In order to make a profit, companies make various investments. However, there are situations when the investment is abandoned. The entrepreneur withdraws from previously undertaken actions and intentions in relation to a given investment. How does a discontinued investment affect income tax?

What is an investment?

In accordance with the Income Tax Act, investments include fixed assets under construction. On the other hand, the Accounting Act defines fixed assets under construction as “fixed assets classified as fixed assets in the period of their construction, assembly or improvement of an existing fixed asset”.

It should be borne in mind that the investment costs are not included in the tax costs until the given fixed asset is put into use. This is due to the fact that the expenditure on the investment in progress increases its initial value at the time of completion of the investment.

Abandoned investment - documentation

Before starting the investment, the taxpayer must take into account that, for various reasons, it may not be finalized. In such a situation, one must take into account the necessity to document that the investment was justified, in line with the conducted activity, and that the abandonment of the investment was justified by important reasons.

The condition for the possibility of including the costs of a discontinued investment in the tax costs is a decision to permanently and definitively resign from the investment in progress.

If the entrepreneur decides to abandon the investment, under certain conditions, he may count the expenses incurred for its implementation as tax deductible costs.

The moment of including the discontinued investment in costs

The Income Tax Act indicates that the costs of abandoned investments are deducted on the date of their sale or liquidation.

Disposal of the abandoned investment

The above provisions generally refer to the sale of a discontinued investment, but its sale may be both remunerative, e.g. sale, and free, e.g. donation.

When selling a discontinued investment, its settlement should be made according to the general rules relating to the sale of fixed assets. Therefore, on the day of disposal of the abandoned investment for consideration, income is generated on this account, and the cost of obtaining this income is constituted by the expenses incurred for the implementation of this investment.

In the case of free transfer of the abandoned investment, it is not possible to count the expenses incurred for its implementation into tax costs.

Abandoned investment - liquidation

There are two dominant positions in jurisprudence when it comes to classifying an abandoned investment as liquidation costs. Well, according to the Director of the Tax Chamber in Poznań of February 1, 2013, no. ILPB3 / 423-445 / 12-4 / KS:

"Liquidation takes place at the moment of the actual, physical annihilation of the investment".

Only then can the expenses related to the investment be charged to tax deductible costs.

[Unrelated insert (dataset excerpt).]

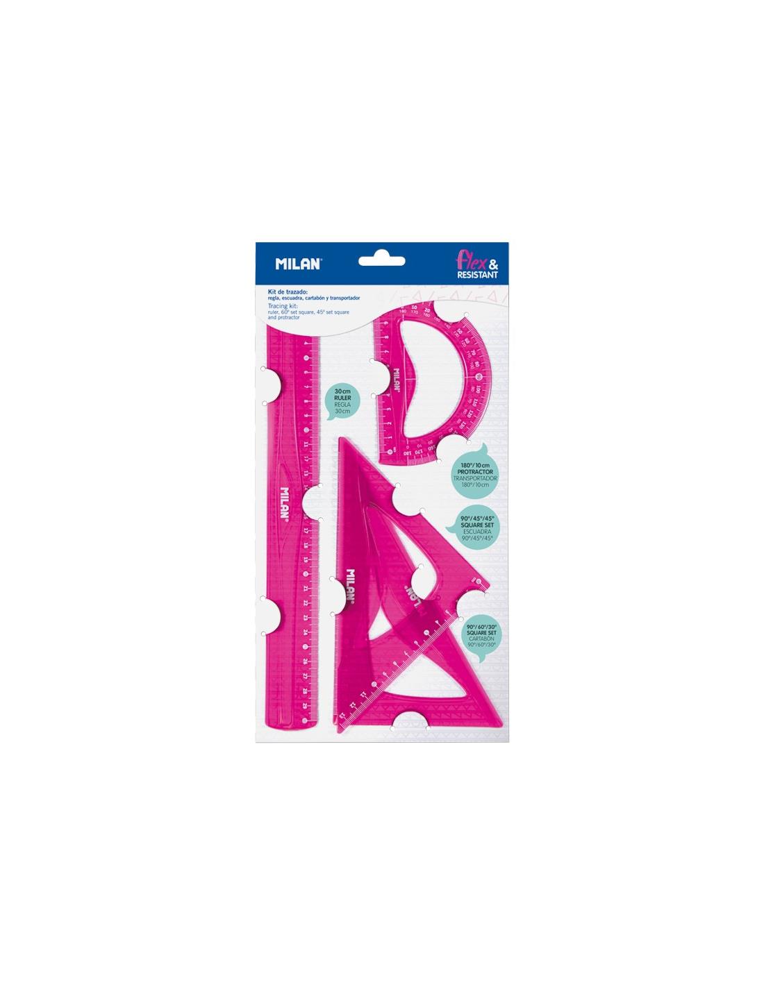 Kit de trazado Flex&Resistant: regla 30 cm, escuadra 90º / 45º / 45º, cartabón 90º / 60º / 30º y transportador 180º 10 cm. Color rosa translúcido, serie Acid. Material flexible y resistente.
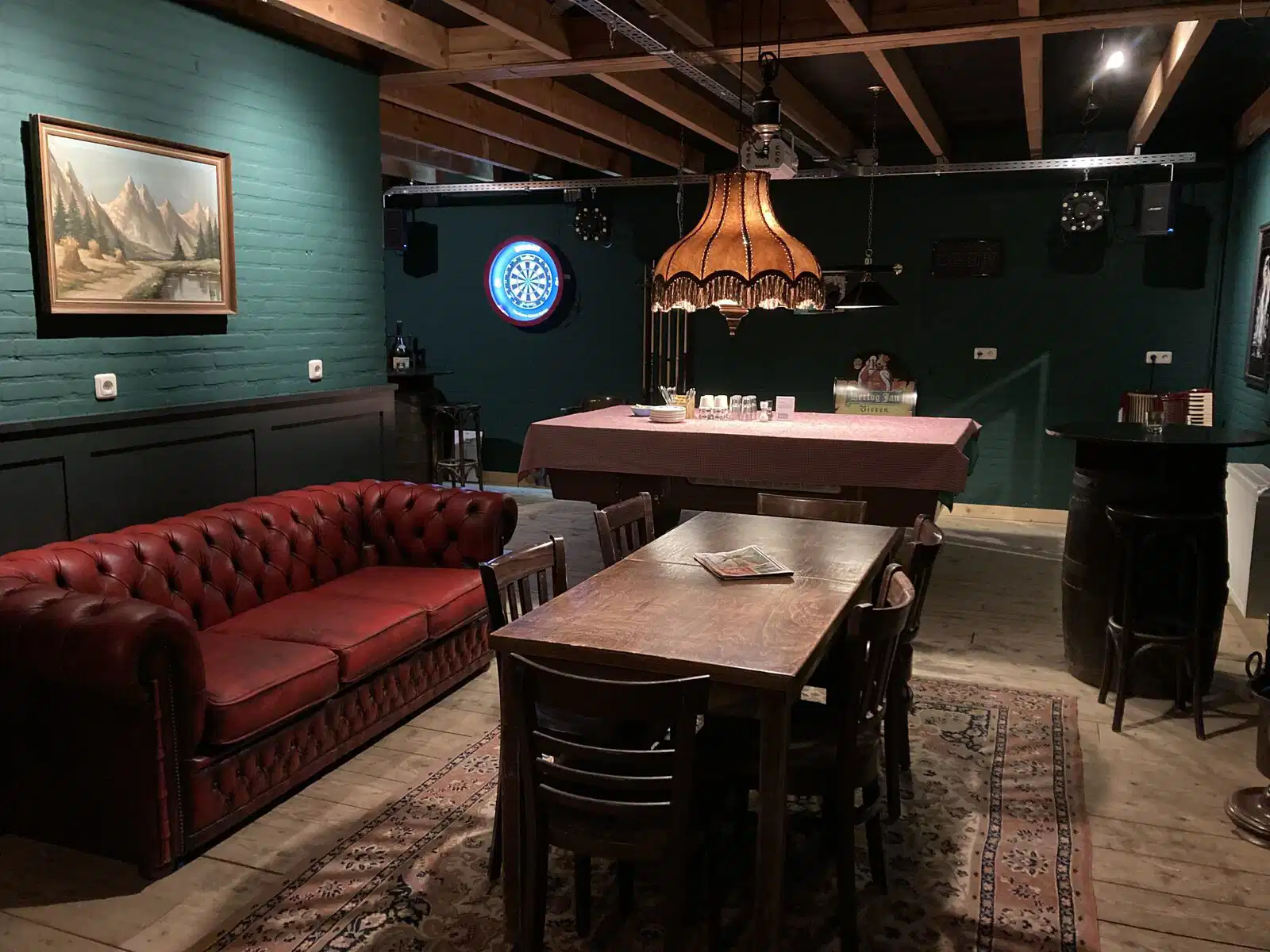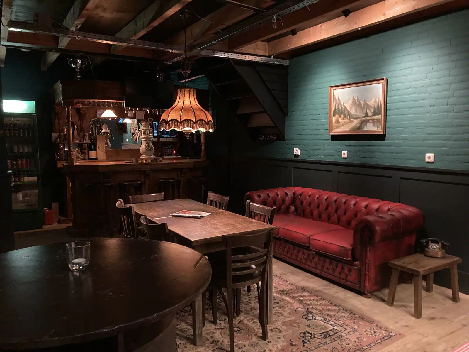 De subruimte bevindt zich op de begane grond, direct onder de hoofdruimte. De ruimte is ingericht als een gezellig bruin cafÃ…

However, according to the second view - the judgment of the Supreme Administrative Court of 25 June 2013, file ref. II FSK 2225/11, the condition for including the discontinued investment in the costs is the deletion of a given fixed asset from the fixed assets held.

From the taxpayer's point of view, the second view is more favorable, because the very fact of making a decision to abandon the investment gives the opportunity to include the expenses incurred for its implementation as costs.